Anything that moves has mass (very loosely speaking, this means how much "stuff" an object contains and it's closely related to how heavy it feels) and velocity (loosely, this is the same thing as speed, but strictly it means speed in a certain direction).

Anything that has mass and velocity has kinetic energy, and the heavier your car and the faster you're going, the more kinetic energy it has. That's fine until you suddenly want to stop—or until you crash into something. Then all the energy has to go somewhere.

 Even though cars are designed to crumple up and absorb impacts, their energy still poses a major risk to the driver and passengers.

 

How airbags help
 

An airbag is more correctly known as a supplementary restraint system (SRS) or supplementary inflatable restraint (SIR). The word "supplementary" here means that the airbag is designed to help the seatbelts protect you rather than replace them (relying on an airbag to protect you without fastening your seatbelt is extremely dangerous).
 

The basic idea is that the airbag inflates as soon as the car starts to slow down in an accident and deflates as your head presses against it.

 

That's important: if the bag didn't deflate, your head would just bounce back off it and you'd be no better off.
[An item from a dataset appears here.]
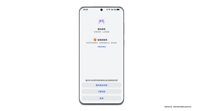 當(dāng)用戶誤觸誘導(dǎo)安裝彈窗,不小心下載了應(yīng)用,系統(tǒng)會主動攔截并提醒,用戶可以選擇取消安裝;當(dāng)用戶主動安裝可能存在風(fēng)險的應(yīng)用時,系統(tǒng)會自動將應(yīng)用加入應(yīng)用管控中心受控運行,如禁止其訪問位置、麥克風(fēng)等敏感權(quán)限,同時隱匿聯(lián)系人、通話記錄等隱私數(shù)據(jù);當(dāng)檢測到應(yīng)用在運行中存在有風(fēng)險行為時如在用戶不知情的情況下拉起其他應(yīng)用,應(yīng)用管控中心也會主動攔截。

How effective are airbags?
 

Several studies found that airbags reduced fatalities by 23–24 percent in head-on crashes and by 16 percent in crashes of all kinds, compared to cars fitted only with manual safety belts.
 

That's obviously a huge improvement, but it's important to note that airbags are violently explosive things that present dangers of their own.
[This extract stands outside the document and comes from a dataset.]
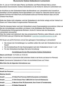 | 14:30 Uhr | Tauferinnerungsgottesdienst auf der Pfarrwiese neben der Christuskirche, Pfrin. Susanne Leingang und Pfr. Jan Meckler |
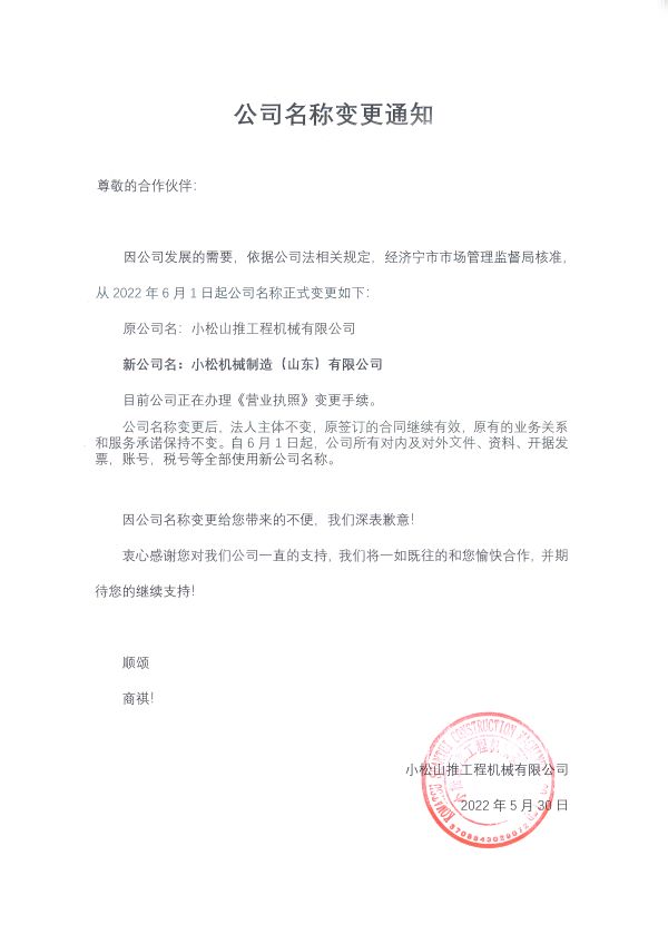 因公司發(fā)展需要,“小松山推工程機(jī)械有限公司”(以下簡稱:小松山推)于2022年6月1日正式更名為“小松機(jī)械制造(山東)有限公司”,詳情請參閱以下小松山推更名通知,特此公告。

The biggest risk is to young children, though adults also face a small risk of eye injury and hearing loss.
 

If an airbag saves your life, you probably consider a slight risk of injury a price well worth paying. Even so, it's clearly important to study the potential dangers of airbags so we can make them as safe and effective as possible.

Modern airbags (installed since the late 1990s) fire with less force than older designs, and there's compelling evidence that this has reduced accidental deaths, especially among children, without compromising passenger safety.

 

 




How airbags work

 

When a car hits something, it starts to decelerate (lose speed) very rapidly.
 

An accelerometer (electronic chip that measures acceleration or force) detects the change of speed.
 

If the deceleration is great enough, the accelerometer triggers the airbag circuit. Normal braking doesn't generate enough force to do this.
 

The heating element ignites a chemical explosive. Older airbags used sodium azide as their explosive; newer ones use different chemicals.
 

As the explosive burns, it generates a massive amount of harmless gas (typically either nitrogen or argon) that floods into a nylon bag packed behind the steering wheel.
 

As the bag expands, it blows the plastic cover off the steering wheel and inflates in front of the driver. The bag is coated with a chalky substance such as talcum powder to help it unwrap smoothly.
 

The driver (moving forward because of the impact) pushes against the bag. This makes the bag deflate as the gas it contains escapes through small holes around its edges. By the time the car stops, the bag should have completely deflated.